High CPU Utilization - Amazon DocumentDB

High CPU Utilization

High CPU utilization is one of the issues you might encounter at some point while working with Amazon DocumentDB. This section provides insights to resolve the issue.

Identification - Spot the problem

High CPU utilization on Amazon DocumentDB instances causes application slowness by increasing latencies across all database operations. When Amazon DocumentDB CPU usage rises above optimal levels, query execution times increase, connection establishment takes longer, and application responsiveness decreases. CPU peaks on the primary instance slow write operations, while peaks on replicas result in higher latency for read operations.

Some of the Common Causes of High CPU Utilization in Amazon DocumentDB could be:

  • Collection Scans: Queries without proper indexes force full collection scans, consuming excessive CPU to examine every document.

  • Connection Spikes: Sudden surges in application connections overwhelm CPU resources needed for authentication and session management.

  • Complex Aggregations: Multi-stage operations (sorting, grouping, joining) consume significant CPU, especially on large datasets without optimized indexes.

  • Inefficient Queries: High CPU usage results from scanning large result sets and regex operations.

  • Write-Heavy Workloads: Frequent updates and bulk inserts strain CPU with document processing, index updates, and transaction logging.

Investigate - Gather metrics

Amazon DocumentDB provides monitoring through Amazon CloudWatch. Amazon DocumentDB metrics can be broadly categorized into cluster level and instance level metrics. For resources related to CPU, memory, and connections, Look at the instance level metrics as the resource consumption is specific to the instance. Identify the instances (primary or replica) that are showing the CPU spikes and note the times of spike.

The CloudWatch metric for the CPU utilization for CPUUtilization.

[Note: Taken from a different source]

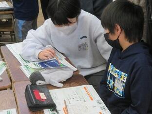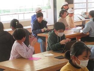 4年生がプログラミングに取り組んでいます。信号機の模型を使って,赤信号,青信号,点滅,音を鳴らす等を指示どおりに作動させるプログラムを作ります。子供たちは,グループになって説明書を読み解きながら端末を操作しています。「分からないよー」という声も聞こえてきますが,近くの子がすぐに助けに来ます。説明書と画面を見比べて友達と一緒に確認をしています。子供たちは,ヒントになる資料があるとどんどん自分たちで作業を進めることができます。友達と相談したり教え合ったりできるのもこの活動のいいところです。

Diagnose - Find root cause

After identifying the instance and timeline of the CPU spike, next is to diagnose for the cause that is impacting CPU usage by large. As there are multiple reasons that can cause CPU spike, lets identify what is contributing to it starting with:

Connections: Check CloudWatch metrics including, DatabaseConnections and DatabaseConnectionsMax, if there are spikes in connections and it coincides with the CPU spike time, the surge in connections over a short time is likely the cause of the CPU spike.

Queries: If it is not the connection, then a query might be the cause. If you have enabled performance insights, then go to the Performance insights console for the instance and see the queries on the instance. The other thing to look at queries is from profiler.

Resolve - Fix the issue

Connection bursts: If connection bursts are the cause of CPU spikes, consider reusing connections in your application or implementing connection pooling. For more information on optimizing high connections, see Connection Issues with Amazon DocumentDB.

Query Distribution: If the CPU spikes are caused by read queries on the primary instance, consider redirecting read operations to replica instances if your query results can be eventually consistent.

Query optimizations: If a query or set of queries are causing the CPU to spike, consider optimizing the query such as adding an index if the query is not using one. For more information on optimizing a query, see Query Running Slow.

Instance Scaling: If CPU utilization remains consistently high after optimization efforts, upgrade to a larger instance class with more CPU capacity to handle your workload requirements effectively.

Serverless: For unpredictable workloads causing short-duration CPU spikes, consider using Using Amazon DocumentDB serverless. Serverless instances automatically scale resources based on demand, eliminating the need to provision fixed instance sizes for such workloads.